Written by Thomas GJ Sharpe
In revisiting the world of Hotline Miami, I assume
Dennaton rubbed many chins and temples as they decided on where to take their
viciously slick surprise hit. Design, presentation and gameplay choices will,
and have, divided fans of the original. I sit fairly happily in the positive
camp, believing the direction taken to be a deliberate departure, neither for
better nor worse, simply differently enjoyable and differently flawed than the
first title.
If this more langourous and slow, more intricate and obtuse
game had appeared instead of the original, I honestly feel that it would not
have had the same impact. The first Hotline was a pitch-perfect exercise
in psychotic combo stacking, on-the-edge, twitch gun n' runnin', with a
disturbing and oblique narrative, and spot-on soundtrack. It's success lay, for
me, in the flippancy of the violence; once killed, you threw yourself back into
the level as if each attempt was a feverish nightmare of your character, meaningless,
with only the successful run being the reality. Married to infallible controls,
Hotline Miami is one of my favourite titles.
Wrong Number handles differently for many reasons,
but most notably, it is the overall scale of the thing. Tight levels are replaced
by longer sequences and a singular protagonist is expanded to an ensemble cast.

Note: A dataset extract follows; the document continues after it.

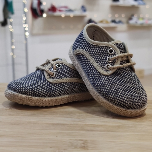 Loneta ecológica realizada en lino combinado con suela simulando esparto con cierre de cordones para un mejor ajuste.
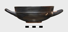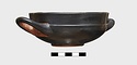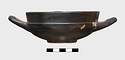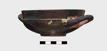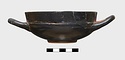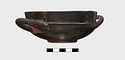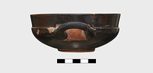| Description: | One handle missing, and part of rim. Very low ring foot; nearly vertical lip, lightly inset. Restored in plaster. Excellent black glaze; reserved, inside of handle and handle spaces, lower edge of foot and resting surface, center of space within foot, with glazed circle and dot. Pink wash prominent on reserved surfaces. Lightly scraped groove around wall just above foot. | |

At first, these seem logical and positive things, but the risks associated are game
breakers for some. Personally, I adore the expansion of the world through larger
arenas and bigger character list, primarily for the story and atmosphere. From
movie sets, nightmare-scapes, to Platoon-esque jungle scenarios, to open-road
Lynchian cutscenes, Wrong Number delivers a more distinct, dramatic and
thorough world.
Taking control of narrative sections will infuriate some,
perhaps seeming like padding between the viscera, but taking an active role in
the story generates a better understanding of the world. This is especially
helpful as the storyline is delivered without hand-holding, through flashback
and forward, dream-reality blends, drug-induced episodes and all without
explicit exposition. To me, this is a fantastic prop to the action during the
levels. It asks more investment, but not so much that it detracts from the
missions.
On that note, the gameplay during the missions is, sadly,
the weaker element. All of the vitals remain; door kickin', knife flingin',
executions (more varied and vile, this time too) and frantic kill-sprees, so
much dynamism in so few pixels. Due to larger areas, however, some of the
original spark has been lost. On the whole, the action takes place in a
convincing way, but the sequences of areas require more enemy pattern learning
and more patience than before. Some levels feel less “natural” (if you could
apply that word in this title), with conga lines of goons, ruining any sense of
a real place. I always enjoyed surprising enemies on the toilet. There is
something cold and unatmospheric about them marching around. A small gripe, but
representative of the direction Wrong Number has taken.
It wouldn't be right to not give the music its own paragraph
in this review. The music is incredible. Scaling itself against the content of
the levels, each track is a joy. Nuff said.
In the end, Wrong Number has tried my patience more
than the original Hotline Miami did. A couple of the levels in the last
act are too long and too reliant on learning enemy patterns, which defuses the
thrill of on-the-spot decisions and wild murder. Apart from this, sadly fairly
large, design issue, Wrong Number delivers an evolution of the original.
A bit bloated? Only in comparison to its ancestor. The essence of the game is
bigger, bolder and more revealing than before.